TASK DETAILS: Output the data below exactly, images excluded.

DATA SHOWN:
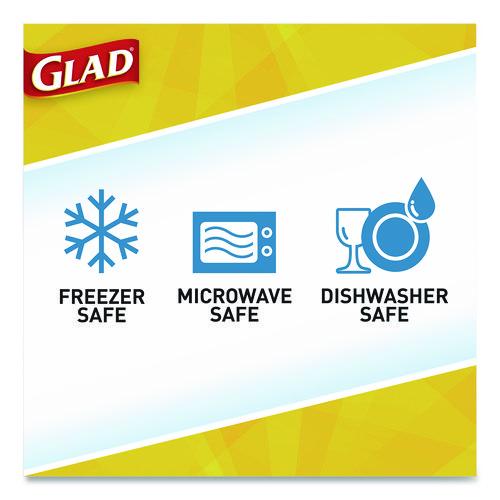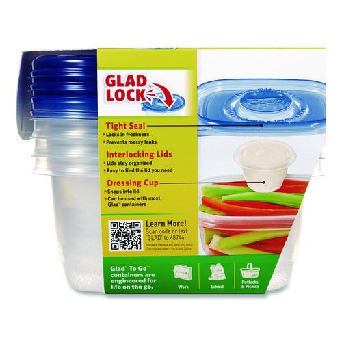 Glad To Go Lunch food containers prevent soggy salads and foods by keeping dry and wet ingredients separate until you are ready to eat. These containers feature little dressing cups that snap tightly into the lids. Containers are the perfect size for packing items like salad and dressing, dip and chips, or breakfast items like pancake and syrup. Lids snap tightly to dressing cups and containers to prevent leaks and spills. BPA free and microwave safe, you can safely heat food in these containers. Clean-up is quick and easy because they are dishwasher safe. Glad To Go containers are designed for life on the go. When you use Glad, you know your food is receiving quality protection. Ideal for use in restaurants and other commercial facilities.
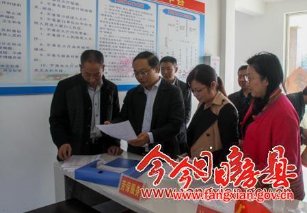 图为蔡贤忠一行在中坝乡龙驹山村便民服务中心查看精准扶贫建档立卡工作
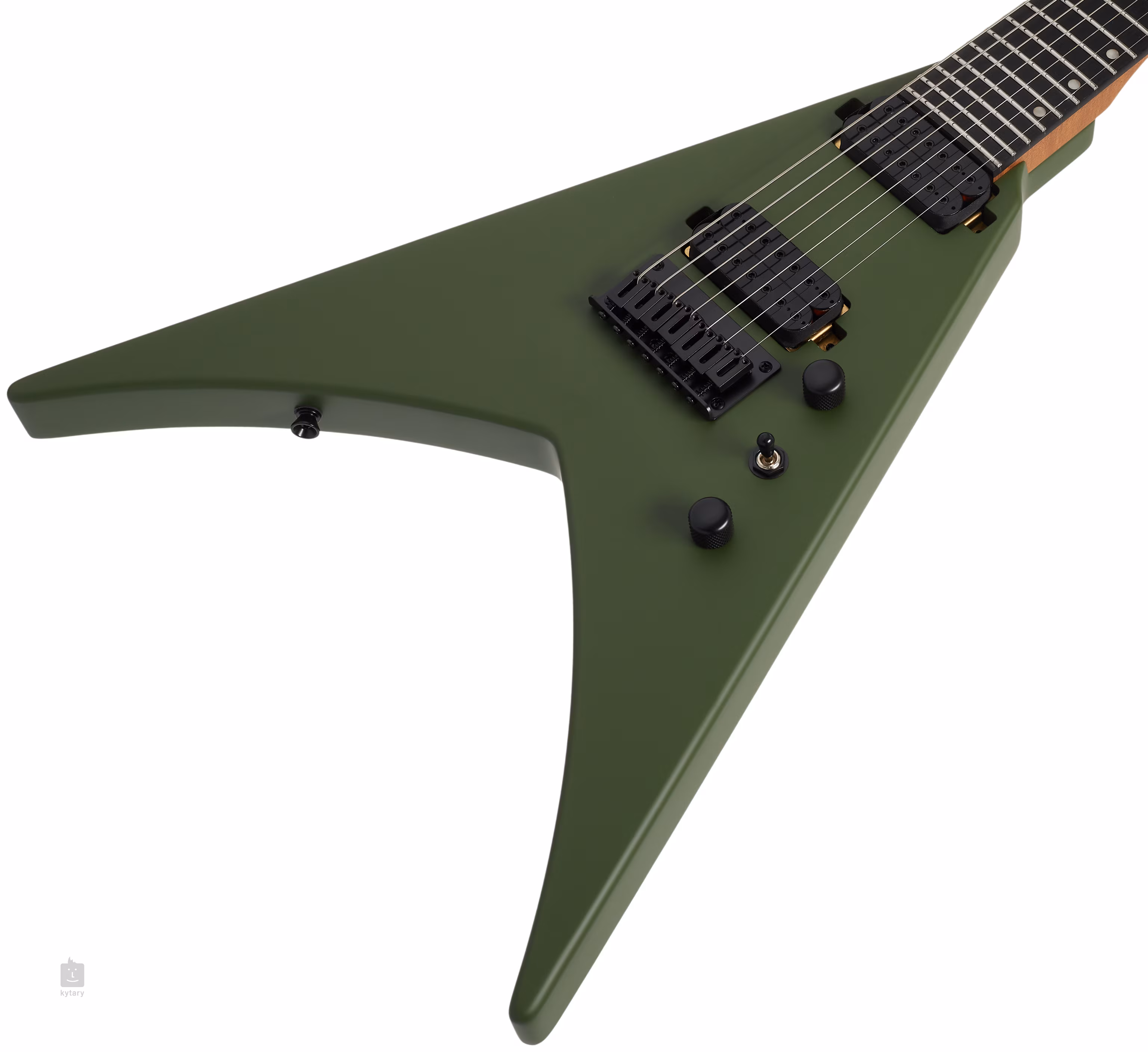 Die elektrische 7-saitige Gitarre V-407 MGR ist eine klassische „V-Form“, d. h. sie basiert auf der Form der Flying-V-Modelle. Sie verfügt über einen Korpus aus „gerösteter“ Pappel (roasted poplar), einen Hals aus kanadischem Ahorn mit „Modern D“-Profil und ein Griffbrett aus modernem Verbundmaterial im Ebenholz-Design, bestückt mit vierundzwanzig Jumbo-Bünden. Dank der thermischen Behandlung von Korpus und Hals ist das Holz der Gitarre stabiler.

SOLUTION TO THIS TASK:
 Glad To Go Lunch food containers prevent soggy salads and foods by keeping dry and wet ingredients separate until you are ready to eat. These containers feature little dressing cups that snap tightly into the lids. Containers are the perfect size for packing items like salad and dressing, dip and chips, or breakfast items like pancake and syrup. Lids snap tightly to dressing cups and containers to prevent leaks and spills. BPA free and microwave safe, you can safely heat food in these containers. Clean-up is quick and easy because they are dishwasher safe. Glad To Go containers are designed for life on the go. When you use Glad, you know your food is receiving quality protection. Ideal for use in restaurants and other commercial facilities.
 图为蔡贤忠一行在中坝乡龙驹山村便民服务中心查看精准扶贫建档立卡工作
 Die elektrische 7-saitige Gitarre V-407 MGR ist eine klassische „V-Form“, d. h. sie basiert auf der Form der Flying-V-Modelle. Sie verfügt über einen Korpus aus „gerösteter“ Pappel (roasted poplar), einen Hals aus kanadischem Ahorn mit „Modern D“-Profil und ein Griffbrett aus modernem Verbundmaterial im Ebenholz-Design, bestückt mit vierundzwanzig Jumbo-Bünden. Dank der thermischen Behandlung von Korpus und Hals ist das Holz der Gitarre stabiler.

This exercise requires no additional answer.